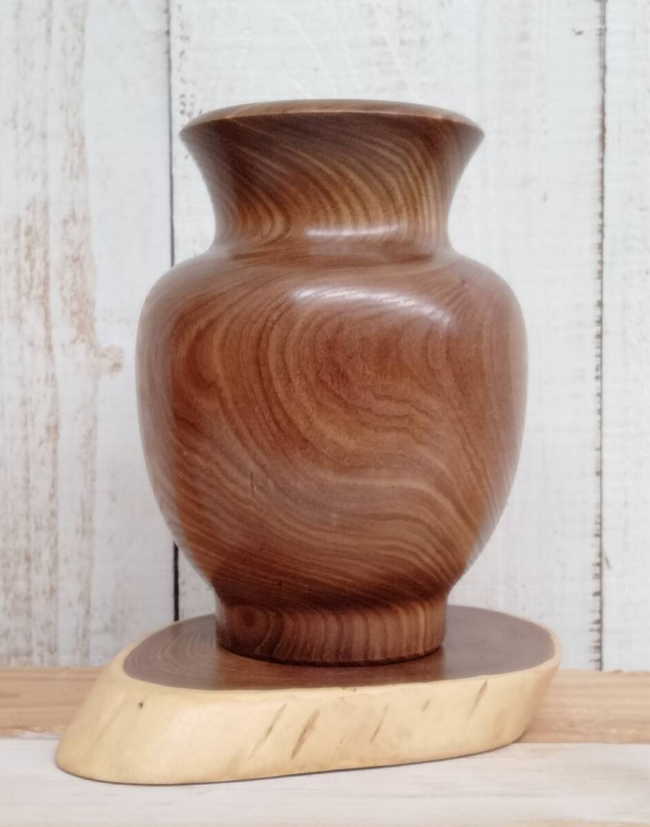 - *藪工作所 *花瓶 花立て 一輪挿し 壺 飾り壷 茶道 華道 *木製 えんじゅ 槐樹 *台座 栞付き *高さ 15.5cm
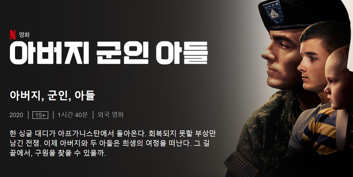 짧게 설명하자면 2020년 넷플릭스에서 제작한 다큐멘터리로 오랫동안 촬영을 하여 제작한 작품으로 아프가니스탄에 파병간 브라이언 아이쉬의 이야기입니다. 치명적인 부상을 당하고 돌아온 아이쉬. 전쟁은 아이쉬에게 많은 상처를 남겼지요. 두 아들에게 돌아온 아이쉬의 앞으로의 여정을 함께 해 보시기 바랍니다.
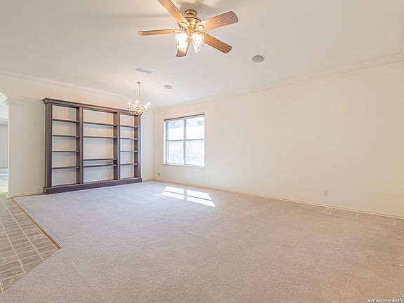 Welcome to this charming 3-bedroom, 2-bath home in the highly desirable Spring Vista community! Offering 2,136 sq. ft. of comfortable living, this home features two spacious living areas, ideal for entertaining, a home office setup, or a cozy retreat. The light-filled kitchen is thoughtfully designed with plenty of cabinet and counter space, a breakfast bar, and a seamless flow into the dining and living spaces-perfect for hosting gatherings. The primary suite offers a peaceful escape with a dual vanity bath and a large walk-in closet, while two additional bedrooms provide flexibility for family, guests, or work-from-home needs. Step outside to your private backyard oasis, complete with a covered patio and ceiling fan for year-round enjoyment. Surrounded by mature landscaping, this outdoor space is perfect for relaxing mornings or evening get-togethers. Conveniently located near Loop 1604, shopping, dining, and schools, this home offers both comfort and accessibility.
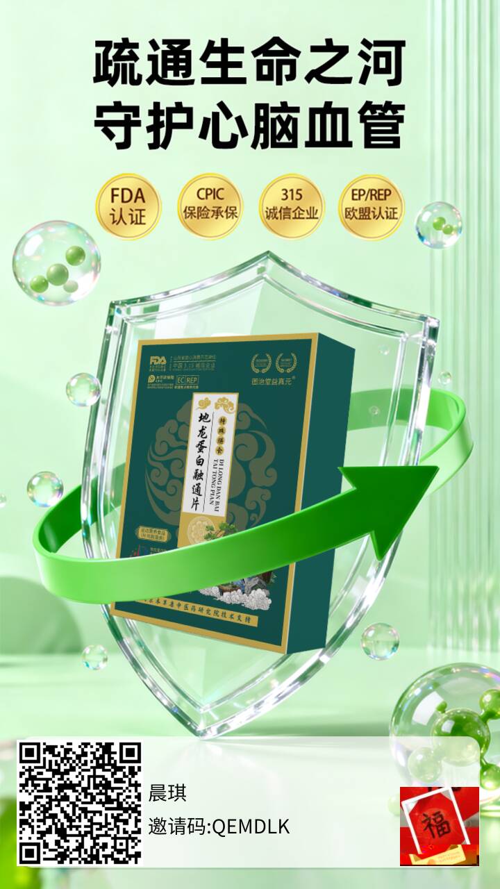 1️⃣图治堂地龙蛋白溶通片,靶向调理心脑血管疾病(人体隐形炸弹),服用5天支持医院测数据,万Yi市场!
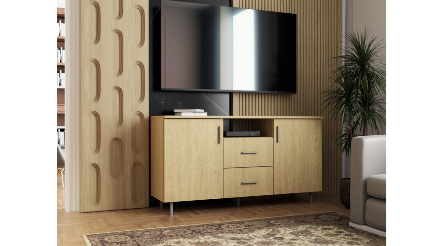 Эта тумба под телевизор шириной 135 см — идеальный выбор для тех, кто ищет функциональный и эстетически привлекательный предмет мебели для небольших помещений. Ее компактный дизайн делает ее идеальной для спален, гостиных, детских комнат или гостевых комнат. Несмотря на небольшой размер, она предлагает удивительно много места для хранения и отлично выглядит.
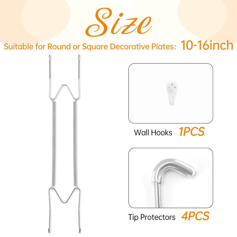 - Premium Material: Our wall plate hangers are made of stainless steel with golden plated on the surface, not easy to break or rust. The rubber tip protector protects your plate from scratches. The adjustable spring design holds the plate tightly
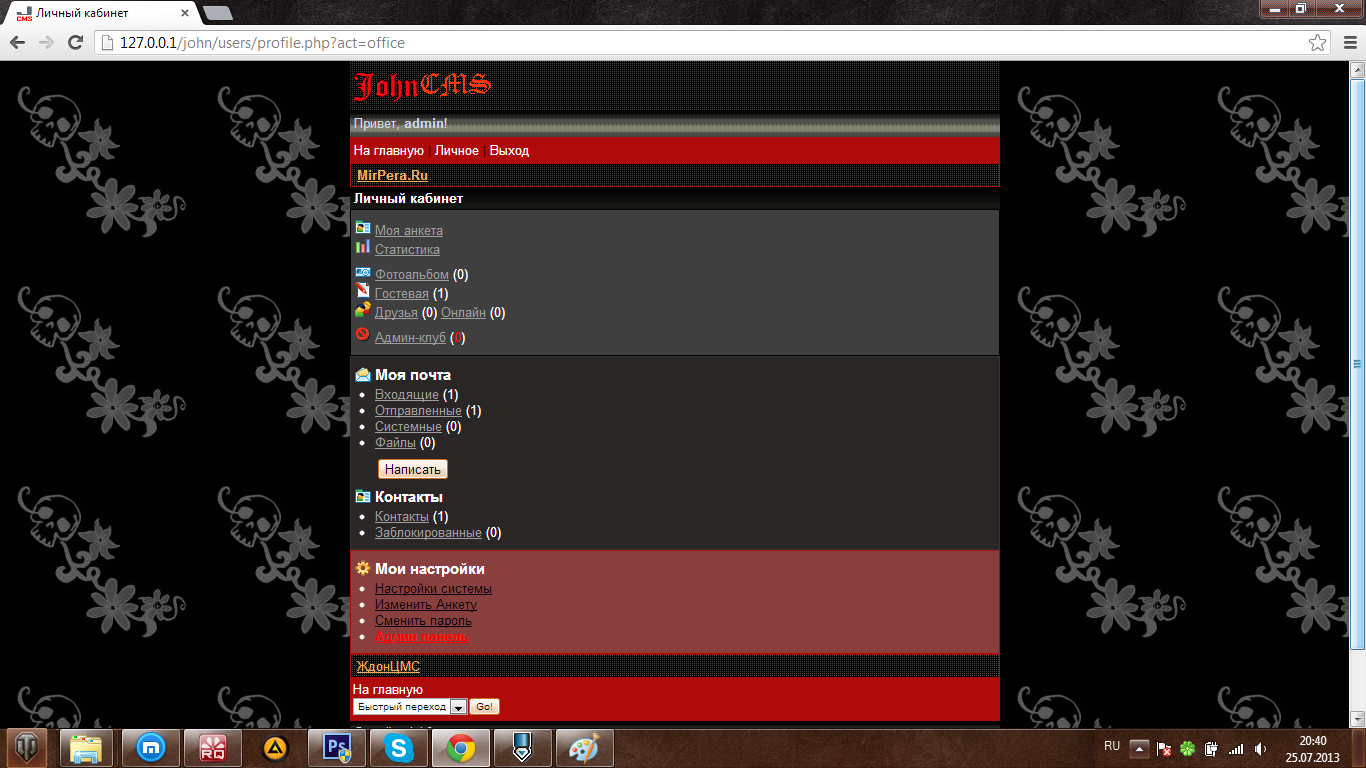 И так, поехали. Мое самое первое творение, дизайн в темных тонах. Косяки конечно же есть, но на то он и первый. Все, оправдался, теперь можно и залить на показ гг Скрины будут ниже, так что не спешите. 5 штук ![]()
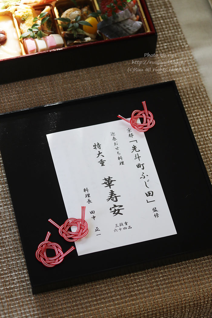 奇遇にも、去年も同じ「先斗町ふじ田」さん監修のおせちをいただいてるので、
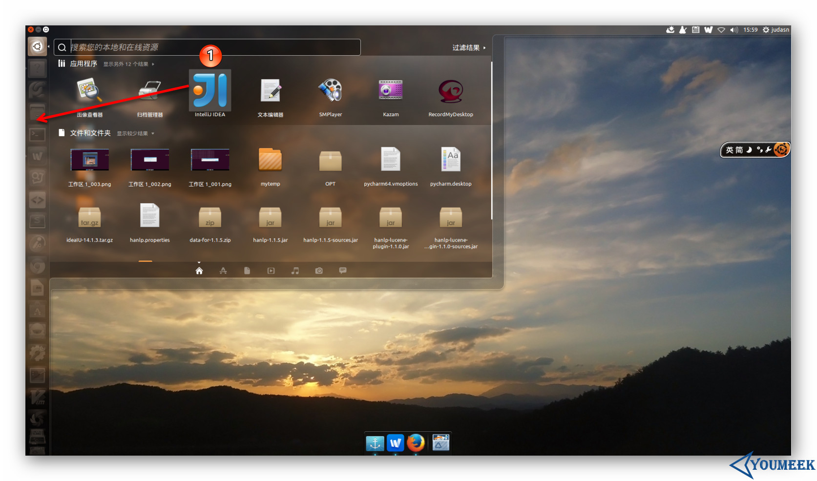 - 创建完启动图标之后,我们可以在如上图标注 1 所示的 Dash 这个地方找到 IntelliJ IDEA 图标。但是图标我们一般是放在启动栏上的,所以这里你可以按着箭头的方向拖动 IntelliJ IDEA 图标到启动栏上即可。
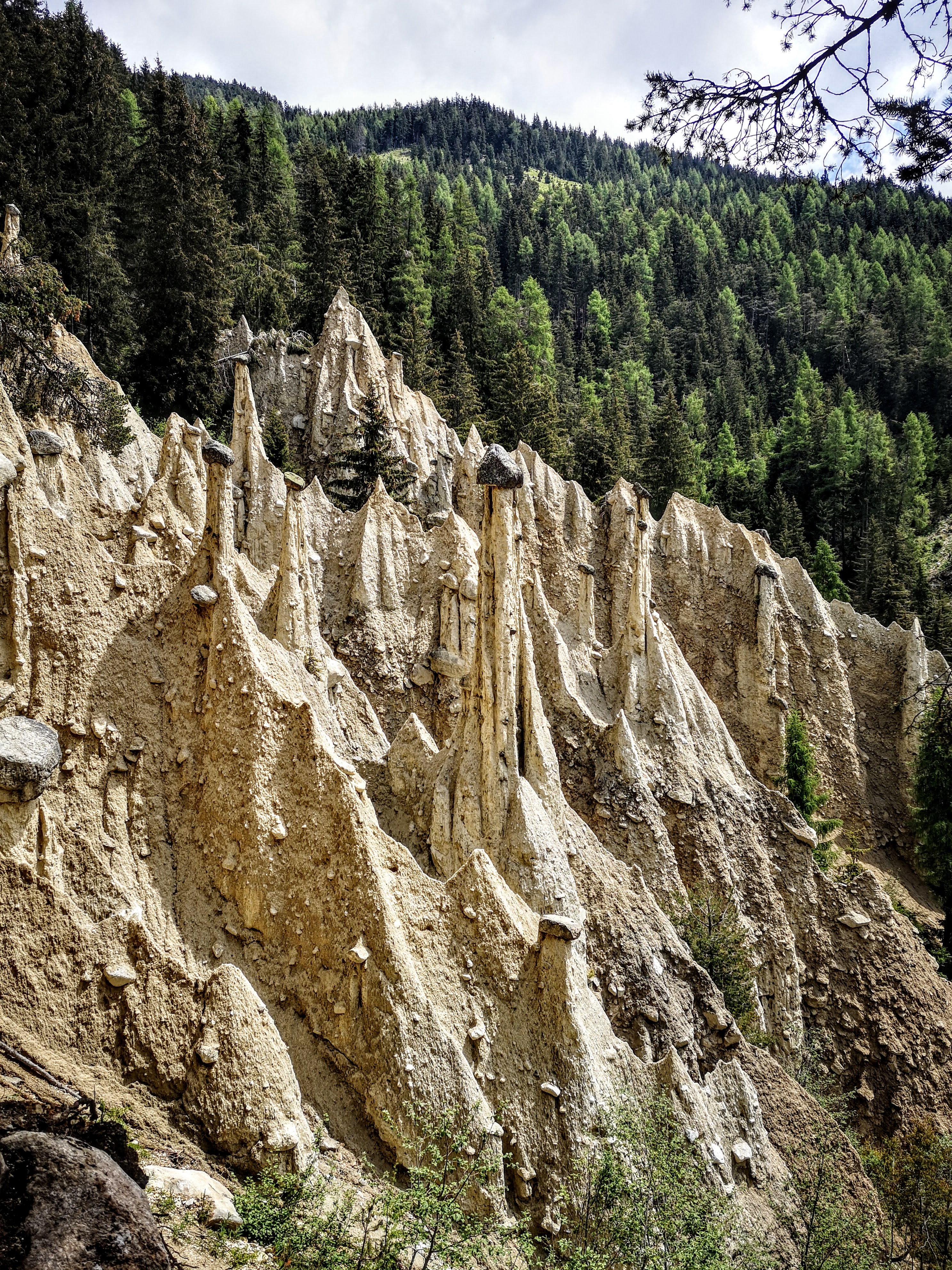 Enstanden sind sie übrigens 1800 irgendwann. Ein Unwetter löste einen Erdrutsch aus, der den damals zwischen Thalerhof und Aschbach bestehenden Karrenweg unterbrochen hatte. Die Abbruchstelle wurde damals aufgrund der fehlenden Verkehrsanbindungen – glücklicherweise – nicht wieder mit Erde aufgefüllt. Im Jahr 1882 kam es erneut zu einem Unwetter, im Rahmen dessen ein großer Graben entstand. Im Laufe der Zeit wurden die Seitenhänge durch die Niederschläge abgeschwemmt und abgewaschen. Dadurch entstanden lehmartige Säulen, auf denen jeweils ein Stein liegt. Diese Steine oder auch Gesteinsplatten schützen die darunter liegende Erdsäule vor Auswitterung. Mehr dazu gibts hier: http://pustertal-direkt.com/…/116-erdpyramiden-percha.html
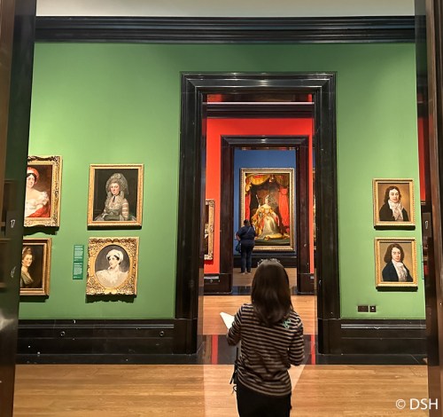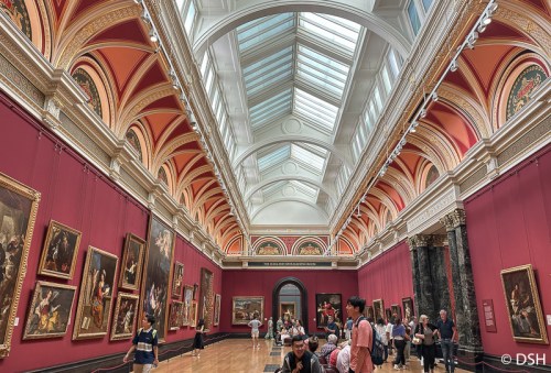 By the time we walked next door to the National Gallery, Trafalgar Square was filled with tourists and noisy performers. We ate salads for lunch downstairs in the cafe, then viewed all open galleries (1-8 were closed).
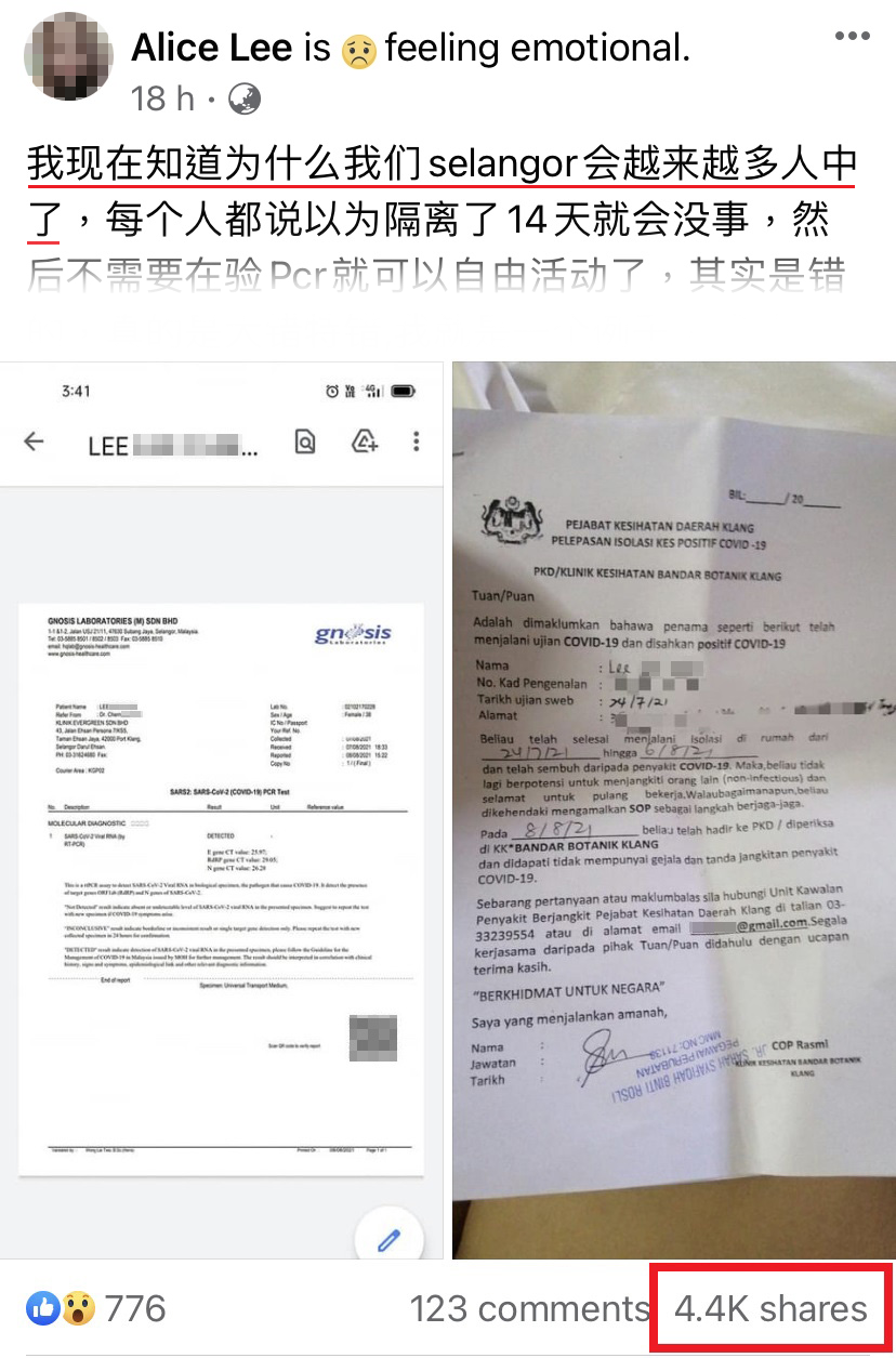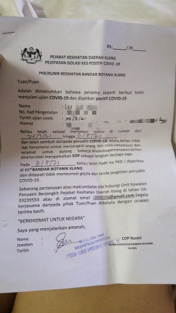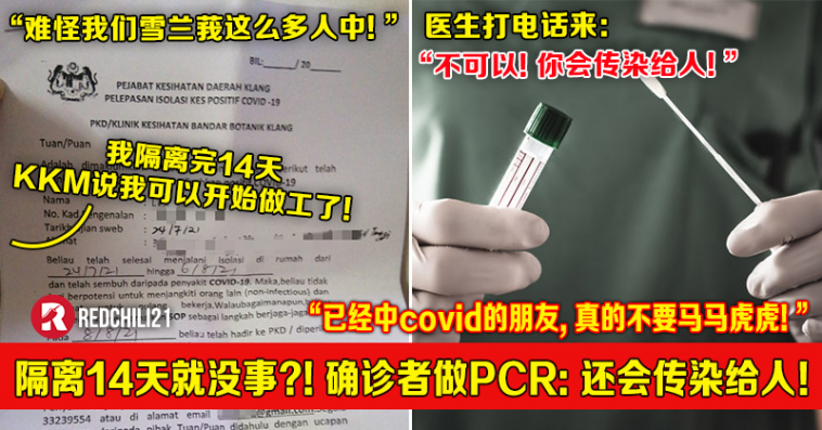 我就是一个例子,我从24/7/21隔离到今天8/8/21号已经是15天了,还真的天真以为自己真的没事了,不会传染了,还好是因为要工作的关系,所以我就去验一下 PCR 确保指数安全才工作。

# # # #

Keeping pictures out, repeat exactly the lines from the one containing "By the time" through the end of the listing.

ANSWER SECTION:
 By the time we walked next door to the National Gallery, Trafalgar Square was filled with tourists and noisy performers. We ate salads for lunch downstairs in the cafe, then viewed all open galleries (1-8 were closed).
 我就是一个例子,我从24/7/21隔离到今天8/8/21号已经是15天了,还真的天真以为自己真的没事了,不会传染了,还好是因为要工作的关系,所以我就去验一下 PCR 确保指数安全才工作。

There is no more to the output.